Azt Helps Reduce Hiv Risk For Newborns Women Who Took The Drug Less Likely To Have Babies With Virus

Associated Press

HIV-positive women who took AZT while pregnant were significantly less likely to deliver babies with the virus, researchers said Tuesday.

But in another study, some pregnant, HIV-positive women offered AZT by a New York City hospital were either afraid of the drug or failed to complete their prescriptions.

“These studies highlight areas where we need to work harder,” said Dr. R.J. Simonds, a pediatrician who specializes in HIV-AIDS prevention at the federal Centers for Disease Control and Prevention in Atlanta.

The two studies were published in Wednesday’s issue of The Journal of the American Medical Association.

In the first, 5.7 percent of the infants born to 87 HIV-positive women who took AZT got the AIDS virus. Of 106 HIV-positive women who didn’t take AZT, 18.9 percent of the children were positive.

It was conducted in urban and rural areas of North Carolina, where five major teaching hospitals are cooperating to treat HIV-positive expectant mothers, said Dr. Susan Fiscus, a microbiology and immunology professor at the University of North Carolina at Chapel Hill who led the study.

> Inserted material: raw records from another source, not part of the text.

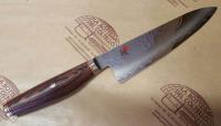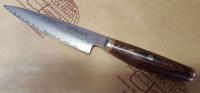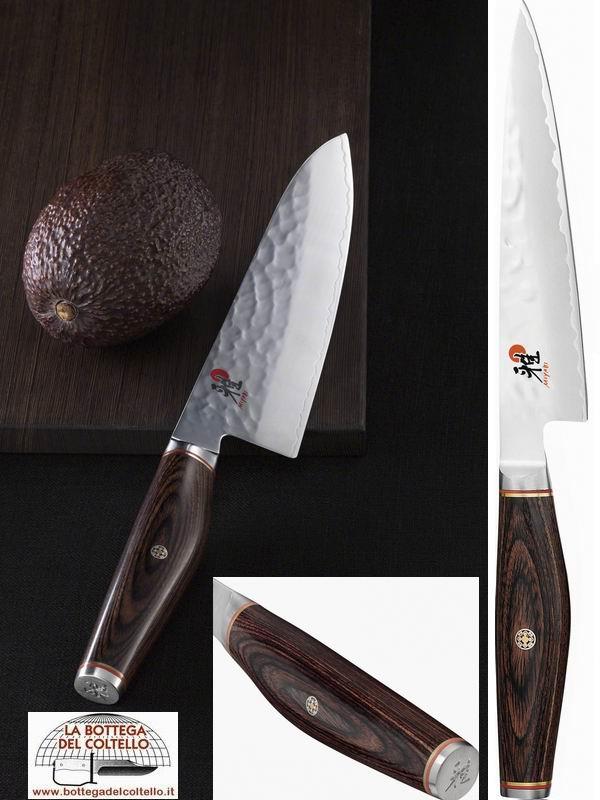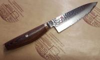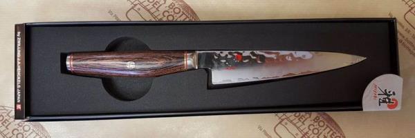 Art. 34072-131 Lama mm 130 in san-mai con cuore in acciaio da metallurgia delle polveri MC63 (Takefu SG2) HRC64. Trattamento termico Cryodur®. Affilatura simmetrica. La finitura martellata della lama (Tsuchime) , oltre a rendere il coltello attraente, contribuisce ad impedire che il cibo si attacchi durante il taglio. L'impugnatura è realizzata in pakkawood la cui bellezza è sottolineata dalla spinetta centrale decorata e dagli spaziatori in ottone e rossi. Terminale in acciaio inox con logo stampato a caldo. Confezione: scatola di plastica.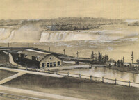 Ontario Power Generating Station Table Rock House (left), Murray Hill (centre), Lower Niagara River in foreground ; -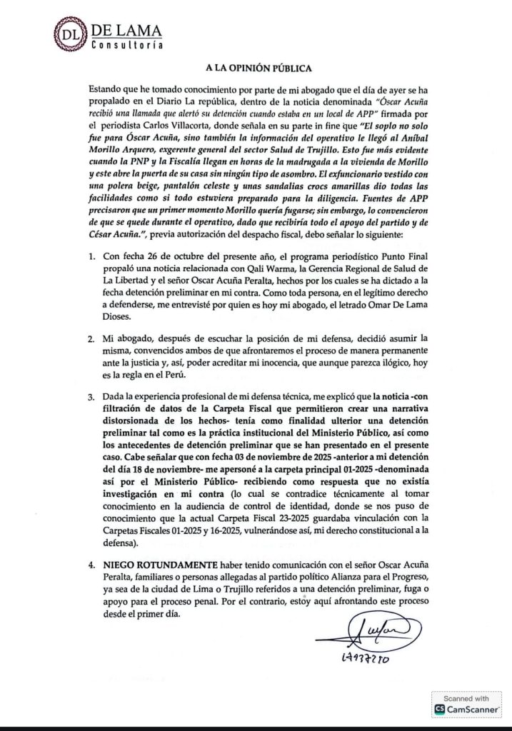 Morillo, a través de una consulta elaborada por su abogado, Omar De Lama Dioses, emitió un comunicado a la opinión pública para responder a una noticia publicada en el diario La República. Dicha noticia, firmada por el periodista Carlos Villacorta, sugería que Morillo y Óscar Acuña recibieron un «soplo» sobre el operativo fiscal, lo que explicaría la supuesta serenidad del exfuncionario al momento de la intervención.

That cooperation allowed doctors to identify and treat an estimated 90 percent of all HIV-exposed children in the state in the last quarter of 1994, Fiscus said.

“What may work in North Carolina may not work in New York or other parts of the country,” she said.

That was evident to doctors at Bronx Lebanon Hospital Center in New York who studied 49 pregnant women with HIV in 1994 and 1995. The doctors offered the women AZT after telling them the drug had lowered by two-thirds the rate of infant HIV infection in a 1994 study by the National Institutes of Health.

Of the 46 who completed their pregnancies, only 24 mothers chose to take the drug and took it as prescribed. Twelve women who said they would take the AZT failed to do so properly, often because of addictions to illegal drugs.

The study said that some of the women who chose not to take AZT cited potential side effects and the drug’s effectiveness.

Because so few women completed the treatment, the resulting group was too small to accurately measure how well the AZT worked in reducing the number of infants who were infected.